INSULAR LIFE ASSURANCE CO., LTD., PETITIONER, VS. NATIONAL LABOR RELATIONS COMMISSION (FOURTH DIVISION, CEBU CITY), LABOR ARBITER NICASIO P. ANINON AND PANTALEON DE LOS REYES, RESPONDENTS.

D E C I S I O N

BELLOSILLO, J.:

On 17 June 1994 respondent Labor Arbiter dismissed for lack of jurisdiction NLRC RAB-VII Case No. 03-0309-94 filed by private respondent Pantaleon de los Reyes against petitioner Insular Life Assurance Co., Ltd. (INSULAR LIFE), for illegal dismissal and nonpayment of salaries and back wages after findings no employer-employee relationship between De los Reyes and petitioner INSULAR LIFE.[1] On appeal by private respondent, the order of dismissal was reversed by the National Labor Relations Commission (NLRC) which ruled that respondent De los Reyes was an employee of petitioner.[2] Petitioner’s motion for reconsideration having been denied, the NLRC remanded the case to the Labor Arbiter for hearing on the merits.

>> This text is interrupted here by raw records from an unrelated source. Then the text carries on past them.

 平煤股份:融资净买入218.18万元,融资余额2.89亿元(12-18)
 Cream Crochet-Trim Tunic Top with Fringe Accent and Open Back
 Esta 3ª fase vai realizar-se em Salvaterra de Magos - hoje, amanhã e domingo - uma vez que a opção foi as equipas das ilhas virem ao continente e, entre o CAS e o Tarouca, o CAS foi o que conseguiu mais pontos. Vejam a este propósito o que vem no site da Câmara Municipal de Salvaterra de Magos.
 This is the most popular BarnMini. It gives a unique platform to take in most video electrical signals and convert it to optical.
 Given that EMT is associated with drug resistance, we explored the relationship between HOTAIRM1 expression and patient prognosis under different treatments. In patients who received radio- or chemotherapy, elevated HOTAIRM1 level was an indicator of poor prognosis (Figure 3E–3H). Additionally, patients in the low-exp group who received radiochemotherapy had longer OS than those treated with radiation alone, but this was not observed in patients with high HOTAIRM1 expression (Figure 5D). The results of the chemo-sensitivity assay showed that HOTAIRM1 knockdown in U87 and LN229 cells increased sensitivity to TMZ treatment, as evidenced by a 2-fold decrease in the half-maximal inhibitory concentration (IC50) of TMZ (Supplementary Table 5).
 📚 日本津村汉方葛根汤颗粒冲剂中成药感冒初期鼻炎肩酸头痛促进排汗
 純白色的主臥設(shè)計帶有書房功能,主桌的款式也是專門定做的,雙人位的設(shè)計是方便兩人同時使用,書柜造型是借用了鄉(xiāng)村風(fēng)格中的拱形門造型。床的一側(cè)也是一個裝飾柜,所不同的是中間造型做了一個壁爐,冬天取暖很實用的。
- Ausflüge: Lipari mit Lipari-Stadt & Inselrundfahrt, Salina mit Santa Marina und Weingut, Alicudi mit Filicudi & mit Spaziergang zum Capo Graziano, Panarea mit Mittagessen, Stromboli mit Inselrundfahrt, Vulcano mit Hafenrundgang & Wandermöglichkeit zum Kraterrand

Seeking relief through this special civil action for certiorari with prayer for a restraining order and/or preliminary injunction, petitioner now comes to us praying for annulment of the decision of respondent NLRC dated 3 March 1995 and its Order dated 6 April 1995 denying the motion for reconsideration of the decision. It faults NLRC for acting without jurisdiction and/or with grave abuse of discretion when, contrary to established facts and pertinent law and jurisprudence, it reversed the decision of the Labor Arbiter and held instead that the complaint was properly filed as an employer-employee relationship existed between petitioner and private respondent.

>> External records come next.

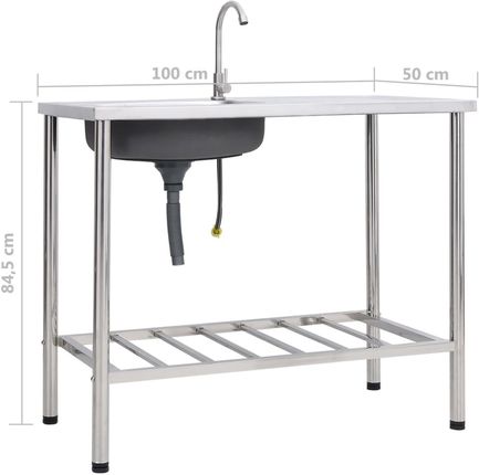 Колір: сріблястийМатеріал: нержавіюча сталь. Розміри раковини: 100 x 50 x 15 см (Д x Ш x В) Розміри нижньої рами: 98,5 x 48,5 x 84,5 см (Д x Ш x висота) Потрібне складання: так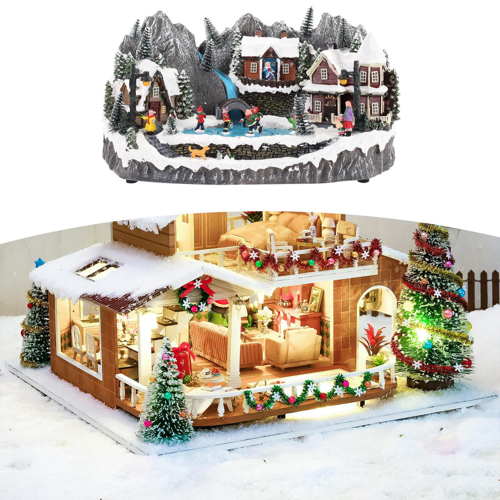 Maxbell Christmas Village House Figurine with Lights and Music for Shelf Living Room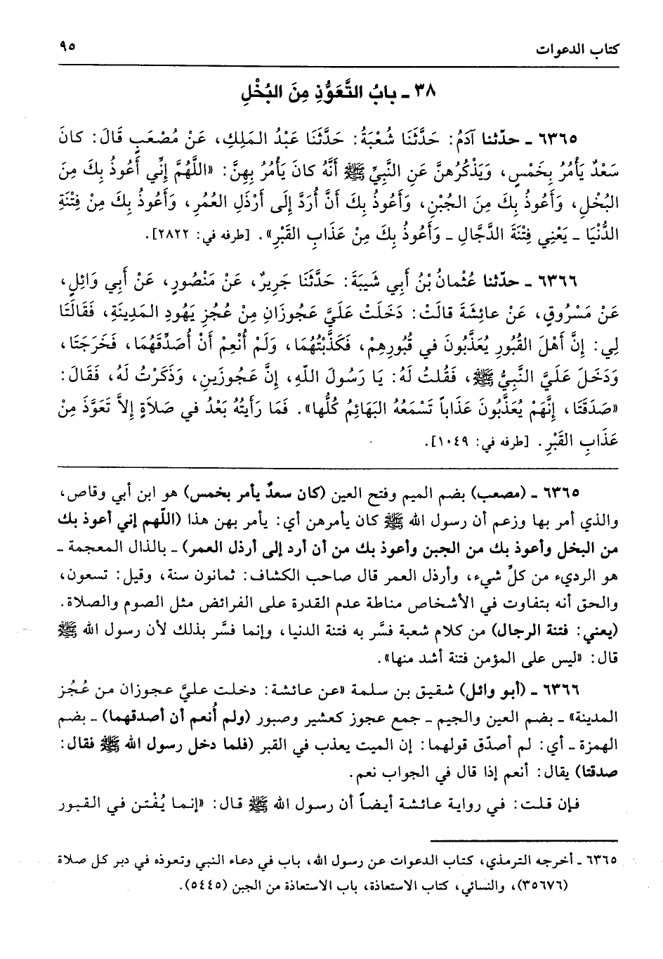 6365 - (مصعب) بضم الميم وفتح العين (كان سعدٌ يأمر بخمس) هو ابن أبي وقاص، والذي أمر بها وزعم أن رسول الله - صلى الله عليه وسلم - كان يأمرهن أي: يأمر بهن هذا (اللَّهم إني أعوذ بك من البخل وأعوذ بك من الجبن وأعوذ بك من أن أرد إلى أرذل العمر) -بالذال المعجمة- هو الرديء من كلِّ شيء، وأرذل العمر قال صاحب الكشاف: ثمانون سنة، وقيل: تسعون، والحق أنه بتفاوت في الأشخاص مناطة عدم القدرة على الفرائض مثل الصوم والصلاة. (يعني: فتنة الرجال) من كلام شعبة فسَّر به فتنة الدنيا، وإنما فسَّر بذلك لأن رسول الله - صلى الله عليه وسلم - قال: "ليس على المؤمن فتنة أشد منها".

Petitioner reprises the stand it assumed below that it never had any employer-employee relationship with private respondent, this being an express agreement between them in the agency contracts, particularly reinforced by the stipulation therein de los Reyes was allowed discretion to devise ways and means to fulfill his obligations as agent and would be paid commission fees based on his actual output. It further insists that the nature of this work status as described in the contracts had already been squarely resolved by the Court in the earlier case of Insular Life Assurance Co., Ltd. v. NLRC and Basiao [3]where the complainant therein, Melecio Basiao, was similarly situated as respondent De los Reyes in that he was appointed first as an agent and then promoted as agency manager, and the contracts under which he was appointed contained terms and conditions Identical to those of De los Reyes. Petitioner concludes that since Basiao was declared by the Court to be an independent contractor and not an employee of petitioner, there should be no reason why the status of De los Reyes herein vis-à-vis petitioner should not be similarly determined.

We reject the submissions of petitioner and hold that respondent NLRC acted appropriately within the bounds of the law. The records of the case are replete with telltale indicators of an existing employer-employee relationship between the two parties despite written contractual disavowals.

These facts are undisputed: on 21 August 1992 petitioner entered into an agency contract with respondent Pantaleon de los Reyes[4] authorizing the latter to solicit within the Philippines applications for life insurance and annuities for which he would be paid compensation in the form of commissions. The contract was prepared by petitioner in its entirety and De los Reyes merely signed his conformity thereto. It contained the stipulation that no employer-employee relationship shall be created between the parties and that the agent shall be free to exercise his own judgment as to time, place and means of soliciting insurance. De los Reyes however was prohibited by petitioner from working for any other life insurance company, and violation of this stipulation was sufficient ground for termination of the contract. Aside from soliciting insurance for the petitioner, private respondent was required to submit to the former all completed applications for insurance within ninety (90) consecutive days, deliver policies, receive and collect initial premiums and balances of first year premiums, renewal premiums, deposits on applications and payments on policy loans. Private respondent was also bound to turn over to the company immediately any and all sums of money collected by him. In a written communication by petitioner to respondent De los Reyes, the latter was urged to register with the Social Security System as a self-employed individual as provided under PD No. 1636.[5]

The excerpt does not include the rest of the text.